Frequentemente, na clínica psicanalítica, observamos, ao longo do tratamento, que os pacientes passam a se interessar, de forma espontânea, por fruir e realizar atividades artísticas. Entre elas, chama a atenção o interesse pela fotografia, visto ser a escolha de muitos.
O interesse pela fotografia indica a descoberta de uma nova forma de olhar para si e para o mundo. Em nosso cotidiano, tudo que vemos repetidamente deixa de ser percebido em detalhes, cessa de ser observado com atenção: nossa casa, nossa família, o trajeto para o trabalho, as pessoas com quem nos relacionamos, a cidade onde moramos, etc.
Por sua vez, o que acontece com aquele que fotografa? Olhando através da lente da máquina fotográfica, o sujeito, de repente, depara-se com um mundo novo que, no entanto, estava sempre ali. Tudo aquilo que antes não se notava agora passa a chamar a atenção: detalhes, ângulos, iluminação, cores e enquadramento das cenas.
Conforme mencionei em outro texto, a psicanálise trouxe a lume o fato de que vemos o mundo e a nós mesmos por meio da lente de fantasias. Essas fantasias têm a propriedade de ser fixas, ou seja, não mudam com facilidade, o que resulta em formas inadequadas de lidar com a vida que se repetem indefinidamente, mesmo gerando sofrimento.
Durante um processo de análise, no entanto, o simples ato de fotografar pode estar relacionado a certo insight sobre nossas fantasias. Atrás da lente da máquina fotográfica, tomamos uma pequena distância do mundo, distância suficiente para perceber aquilo que antes era ignorado.
Assim como o fotógrafo, também o analisante aprende a tomar certa distância de suas fantasias para percebê-las como lentes que distorcem, colorem ou descolorem a sua realidade. Esse distanciamento é sutil, mas suficiente para provocar importantes mudanças de posição subjetiva, visto que as antigas e fixas fantasias passam a influenciar muito menos em suas percepções.
Em suma, o interesse pela fotografia, ao longo do processo de análise, costuma indicar que o sujeito está em processo de descobrir que o seu olhar sobre si mesmo e o mundo é passível de mudanças.
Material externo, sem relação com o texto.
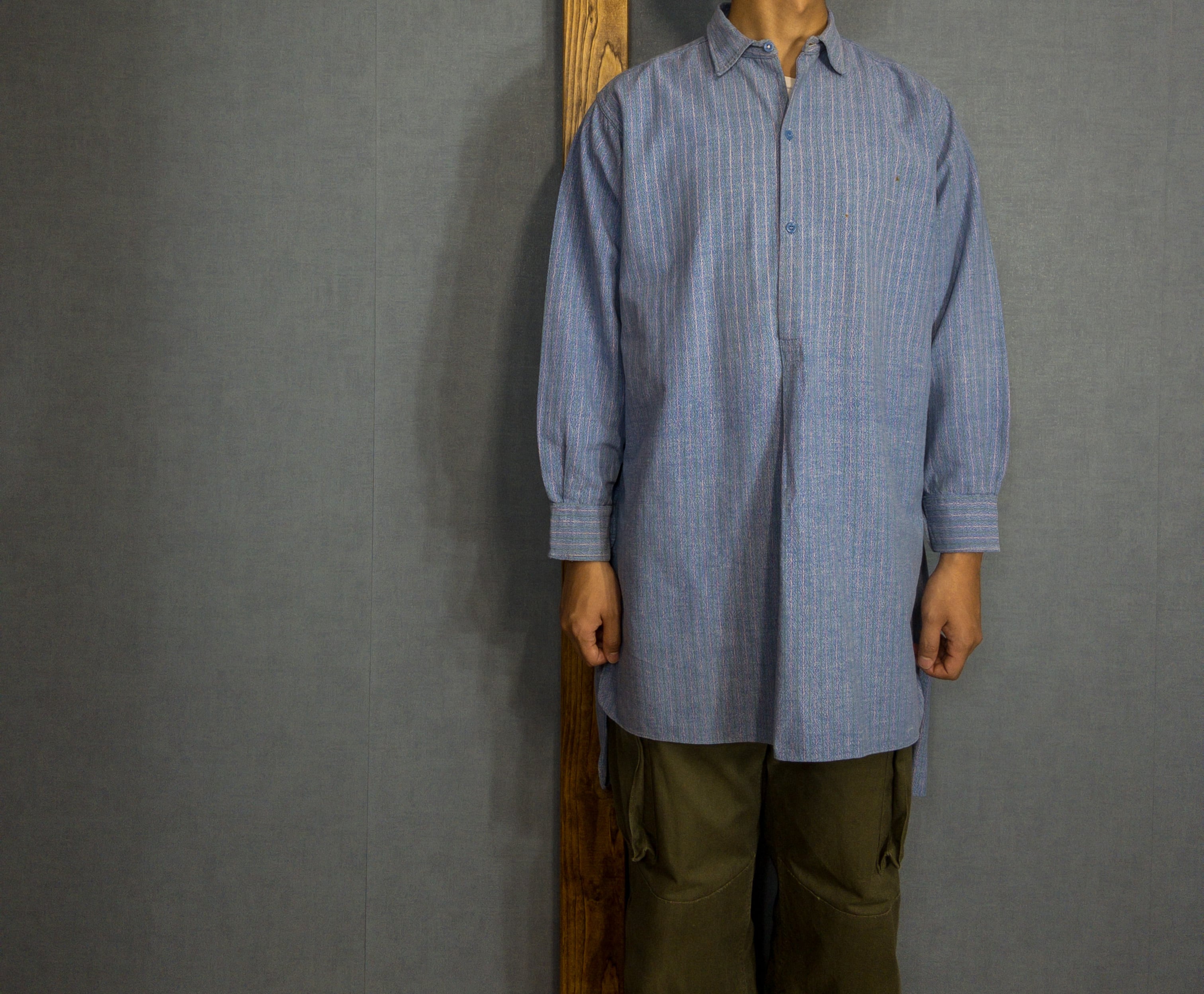 【1950s】French Vintage Blue Striped Cotton Grandpa/Pullover Work Shirt 7

Tal como o fotográfo troca as lentes de sua câmera em busca de um melhor enquadramento para a cena desejada, também as fantasias fixadas por toda uma vida podem ser deslocadas. Para o analisante, essa descoberta é uma grande conquista que abre espaço para mudanças importantes na sua forma de posicionamento perante a vida.
Inicia-se uma análise, em geral, queixando-se do sofrimento gerado pelos outros, pelo mundo lá fora. No entanto, o “olhar fotográfico”, por assim dizer, mostra que o sofrimento é gerado, antes, pela nossa própria interpretação acerca da realidade. A partir disso, fica muito mais fácil agir e obter sucesso na busca daquilo que se deseja.
Por Marlos Terêncio
Adorei seu texto “Olhar fotográfico”! Muito interessante esta relação entre o processo psicanalítico e a fotografia. Me identifiquei inteiramente com o assunto , uma vez que comecei minha atividade na fotografia durante o processo psicanalítico. Após ler seu texto eu me dei conta que o “meu cenário” não mudou… mas eu precisei mudar o “angulo”, a “lente” e manter um certo distanciamento para senti-lo na devida medida. Percebi que o “zoom” ,sobre alguns aspectos, pode distorcer a imagem e superdimensionar situações que na realidade não tem tanta relevância. Obrigada pela leitura tão interessante! Parabéns pelo texto. Eliana
Prezada Eliana, obrigado por seu contato e suas observações sobre o texto. Achei muito pertinente a sua observação sobre o “zoom” em determinados aspectos da vida. Talvez a psicanálise, nessa analogia, esteja mais próxima de uma lente “grande angular”, ou seja, que ajuda a colocar um cenário mais amplo no seu enquadramento.